§ Exercise input
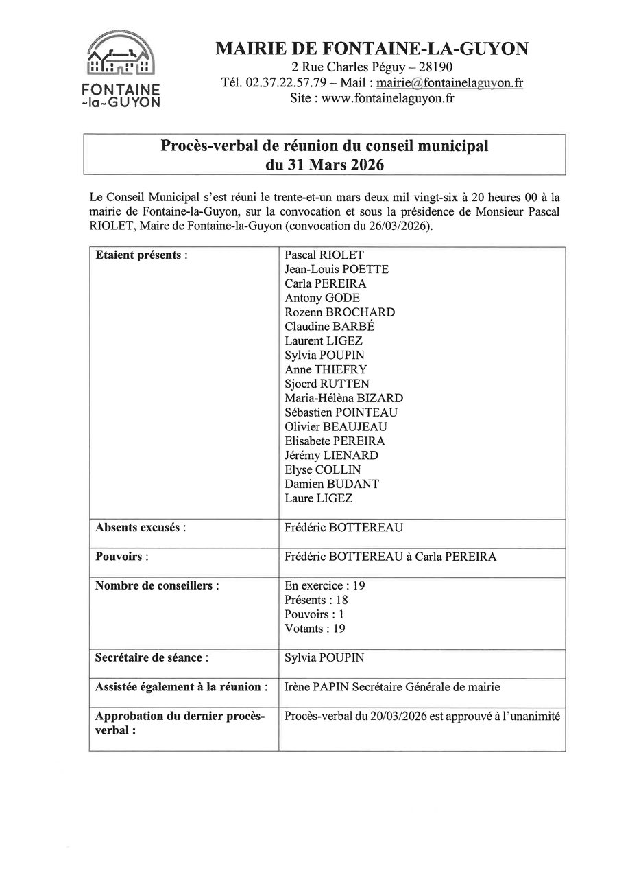 Ci-dessous le procès-verbal de la réunion du conseil municipal du
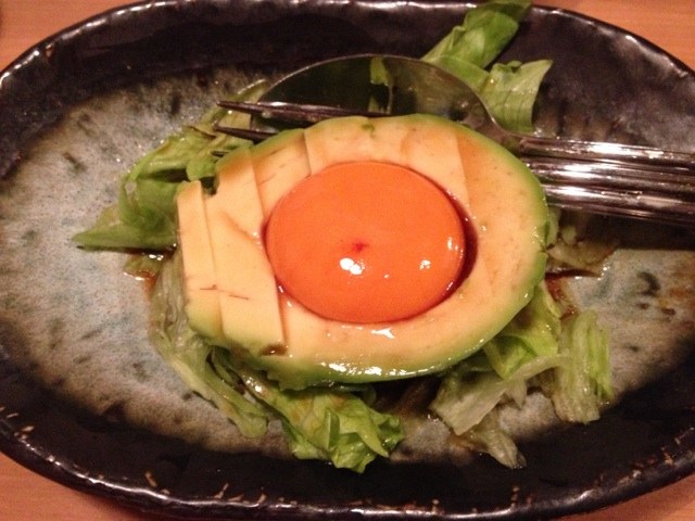 炉ばた酒場 男前キッチン」のアボカドユッケを注文!
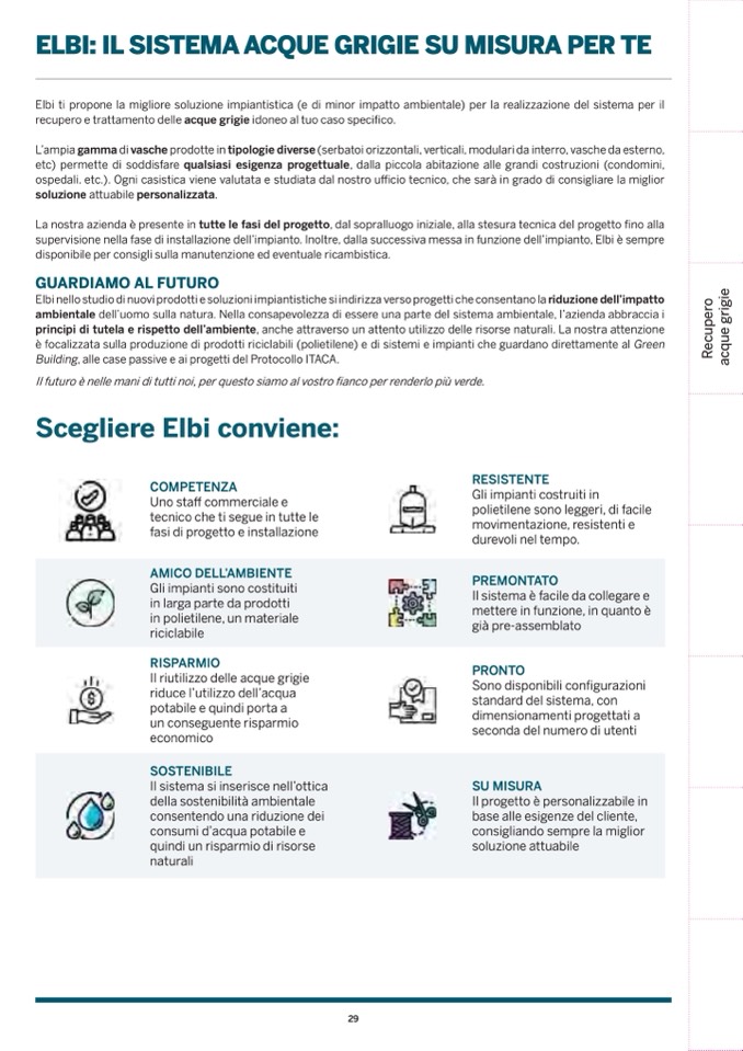 Elbi nello studio di nuovi prodotti e soluzioni impiantistiche si indirizza verso progetti che consentano la riduzione dell’impatto
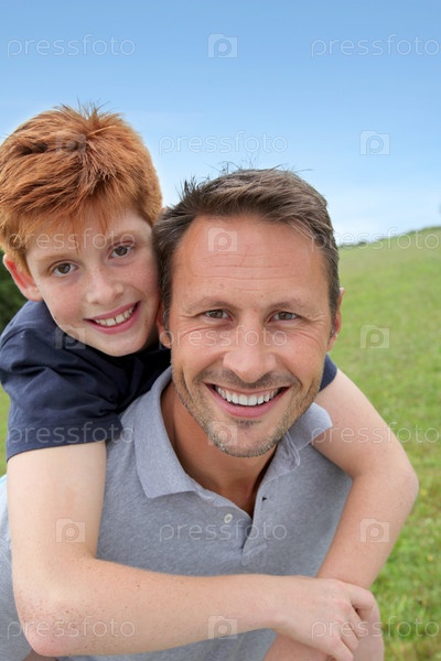 Крупным планом отца и сына в сельской местности
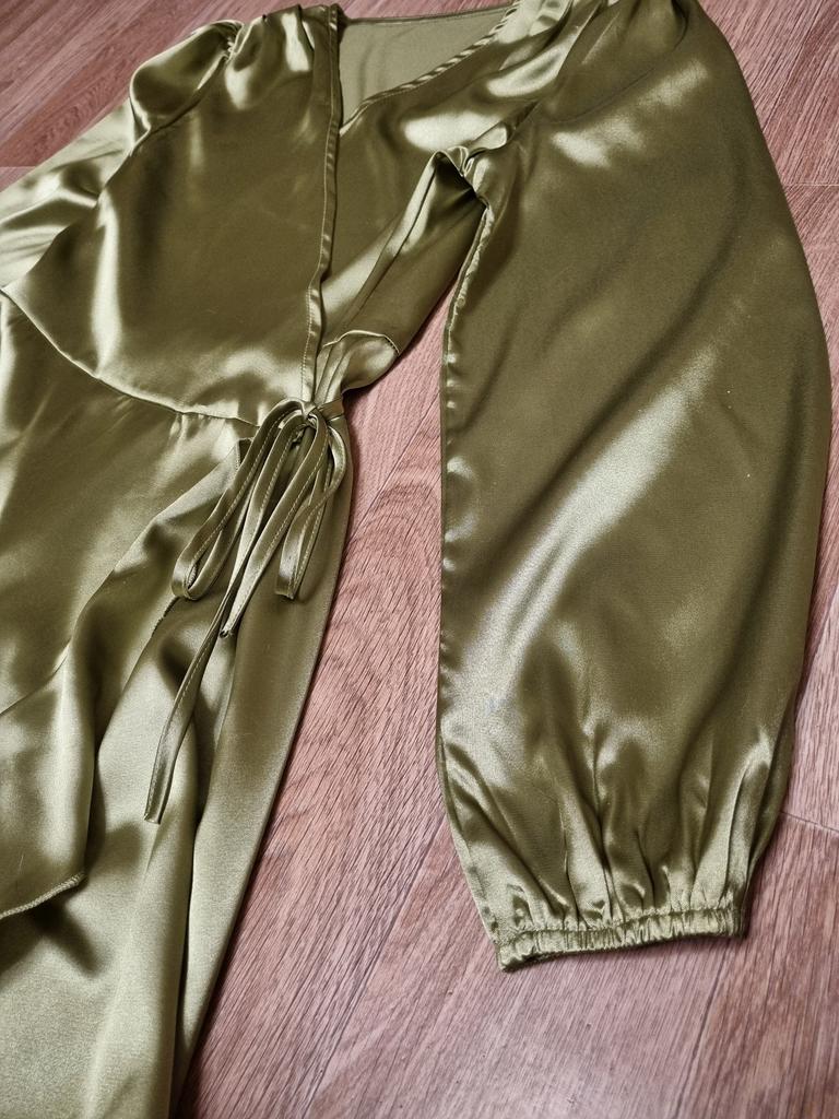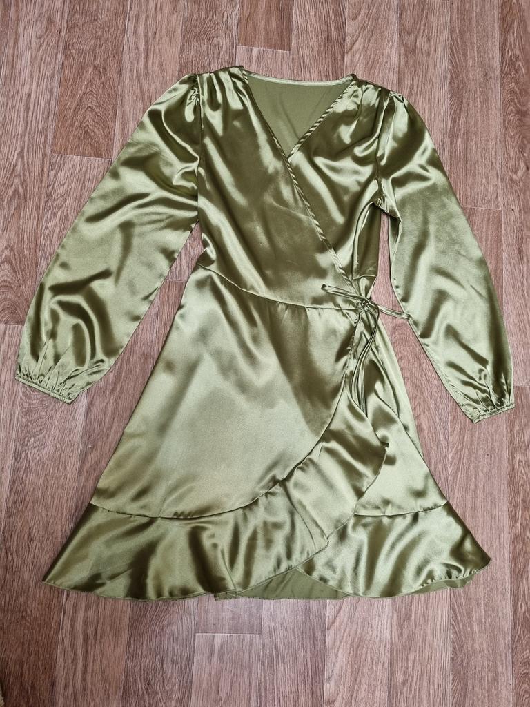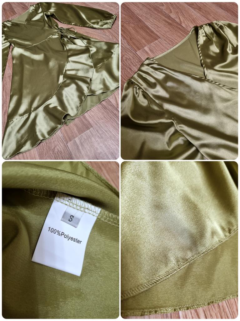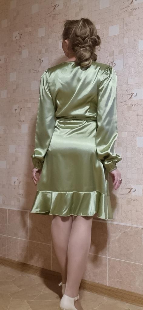 Нежное атласное платье с запáхом от Dress Fancy Club Наступает горячая пора подготовки к Новому году, и у многих девушек встаёт вопрос, в чём его встречать. Ещё не поздно заказать это нарядное платье. Платье понравилось сразу! Во-первых, материал - аккуратный, нежный, воздушный атлас, хотя и 100% полиэстер, очень приятный к телу. Во-вторых, цвет - оливковый или фисташковый (при разном освещении), однотонный с красивым отливом (продавец предлагает ещё черное, розовое, кофейное и синее). В третьих, фасон - платье на завязках сбоку, за счёт чего образуется запáх на груди, красивая драпировка на плечах создает иллюзию дополнительного объёма, рукава - длинные фонарики. Длина при росте 150 см до колена, но запáх спереди чуть их приоткрывает, что делает платье очень женственным и элегантным. На параметры 85×64×91 размер S подошёл идеально. Замеры вещи: грудь 86 см, талия 64 см, бедра 100 см, ширина плеч 35 см, длина рукава 60 см, длина по спинке 88 см, т.е. существенно маломерит, относительно таблицы продавца. Кроме того, платье универсано. Не люблю вещи на один выход. Поэтому с удовольствием рекомендую. Личный промокод на скидку 5% на любые товары joom: 4AB2XJFKPZ. Приглашаю в мой телеграм-канал followmekanal.
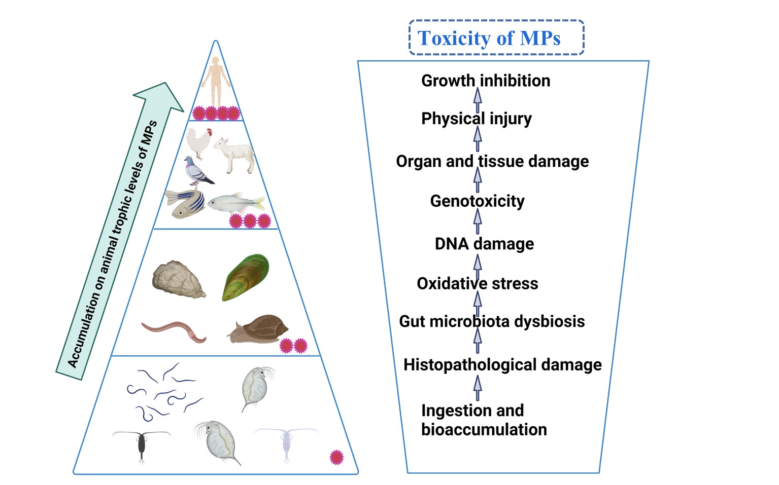 圖3 微塑料在動(dòng)物不同營養(yǎng)級(jí)水平上的轉(zhuǎn)運(yùn)和毒性
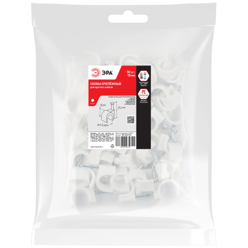 Скобы крепёжные пластиковые ЭРА предназначены для быстрого и надежного крепления круглых и плоских кабелей.
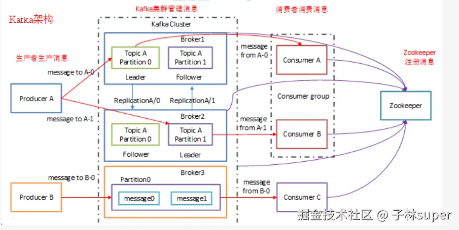 Kafka集群中包含若干Producer(可以是web前端产生的Page View,或者是服务器日志,系统CPU、Memory等),若干broker(Kafka支持水平扩展,一般broker数量越多,集群吞吐率越高),若干Consumer Group,以及一个Zookeeper集群。Kafka通过Zookeeper管理集群配置,选举leader,以及在Consumer Group发生变化时进行rebalance。Producer使用push模式将消息发布到broker,Consumer使用pull模式从broker订阅并消费消息。
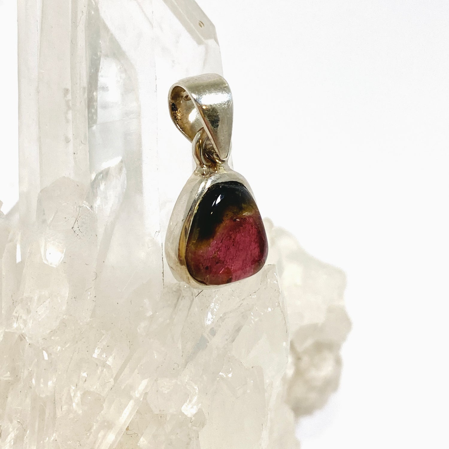 A freeform slice of Watermelon Tourmaline showing off its natural pink and green hues. Set in .925 sterling silver, the simple setting allows the stone’s unique colours and natural energy of emotional balance and heart-centred healing to take focus.
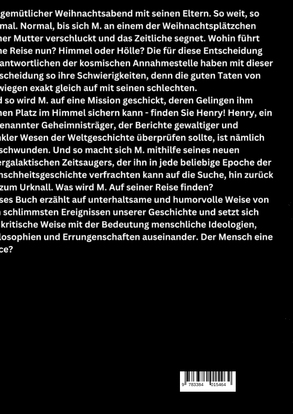 Ein gemütlicher Weihnachtsabend mit seinen Eltern. So weit, so normal. Normal, bis sich M. an einem der Weihnachtsplätzchen seiner Mutter verschluckt und das Zeitliche segnet. Wohin führt seine Reise nun? Himmel oder Hölle? Die für diese Entscheidung Verantwortlichen der kosmischen Annahmestelle haben mit dieser Entscheidung so ihre Schwierigkeiten, denn die guten Taten von M. wiegen exakt gleich auf mit seinen schlechten.Und so wird M. auf eine Mission geschickt, deren Gelingen ihm seinen Platz im Himmel sichern kann - finden Sie Henry! Henry, ein sogenannter Geheimnisträger, der Berichte gewaltiger und dunkler Wesen der Weltgeschichte überprüfen sollte, ist nämlich verschwunden. Und so macht sich M. mithilfe seines neuen intergalaktischen Zeitsaugers, der ihn in jede beliebige Epoche der Menschheitsgeschichte verfrachten kann auf die Suche, hin zurück bis zum Urknall. Was wird M. Auf seiner Reise finden?Dieses Buch erzählt auf unterhaltsame und humorvolle Weise von den schlimmsten Ereignissen unserer Geschichte und setzt sich auf kritische Weise mit der Bedeutung menschliche Ideologien, Philosophien und Errungenschaften auseinander. Der Mensch eine Farce?
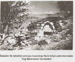 Bediüzzaman'ın ilk eğitim aldığı Nurs köyünün 4 kilometre yukarısında Tağ Medresesinin 1970'lerde harabe haldeki kalıntılarıdır.
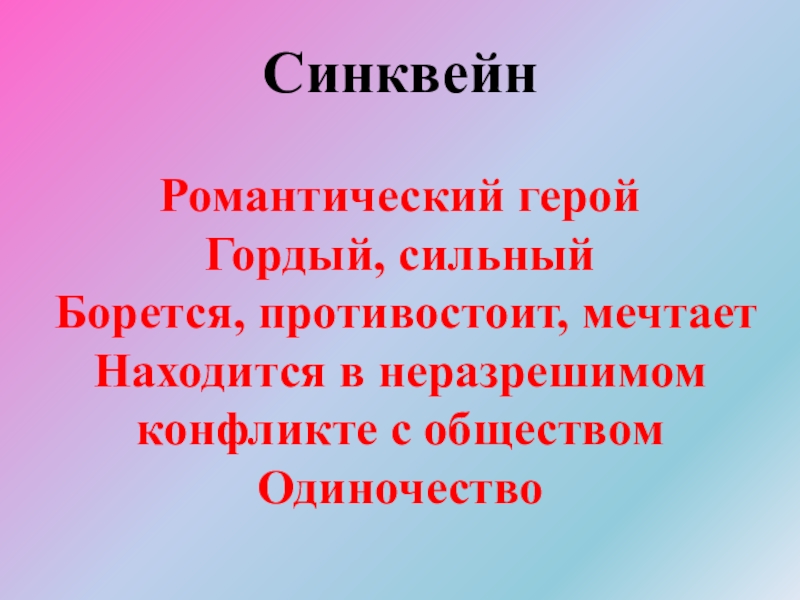 Синквейн  Романтический герой Гордый, сильный Борется, противостоит, мечтает Находится в неразрешимом конфликте с обществом Одиночество

§ What you need to do
Reproduce exactly the entries from their first line through the line containing "Крупным планом отца", including both, and omit any pictures.

§ Reply
 Ci-dessous le procès-verbal de la réunion du conseil municipal du
 炉ばた酒場 男前キッチン」のアボカドユッケを注文!
 Elbi nello studio di nuovi prodotti e soluzioni impiantistiche si indirizza verso progetti che consentano la riduzione dell’impatto
 Крупным планом отца и сына в сельской местности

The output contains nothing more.